### Your objective:
Below are records with pictures in them. Output exactly the lines from the one with "Ofc-117 10 Adet Beyaz Ofis Etiketi" through the one with "Below is an", both included, and leave every picture out; give only those lines.
*** Opening Data section ***
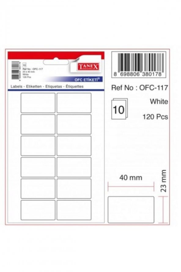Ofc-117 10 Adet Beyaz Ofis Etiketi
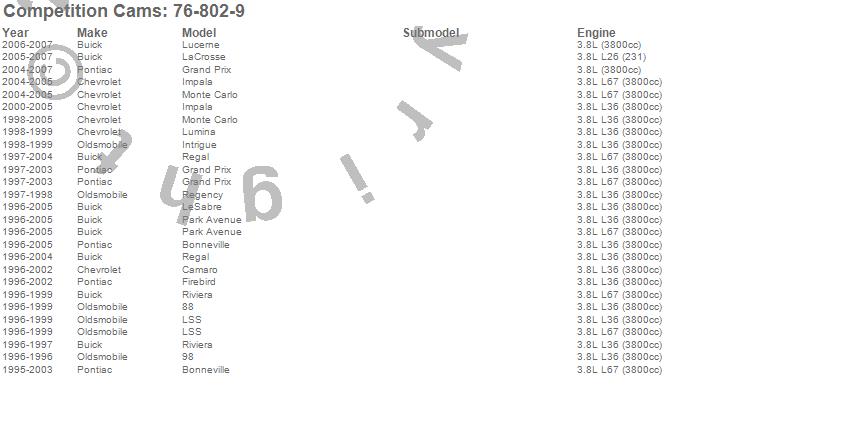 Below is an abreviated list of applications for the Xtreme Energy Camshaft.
*** Closing Data section ***
*** Opening Data section ***
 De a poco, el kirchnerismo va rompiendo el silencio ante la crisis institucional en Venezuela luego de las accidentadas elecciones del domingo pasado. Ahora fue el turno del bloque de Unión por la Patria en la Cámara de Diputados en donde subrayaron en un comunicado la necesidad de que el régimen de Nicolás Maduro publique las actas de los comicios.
*** Closing Data section ***
### Expected output:
Ofc-117 10 Adet Beyaz Ofis Etiketi
 Below is an abreviated list of applications for the Xtreme Energy Camshaft.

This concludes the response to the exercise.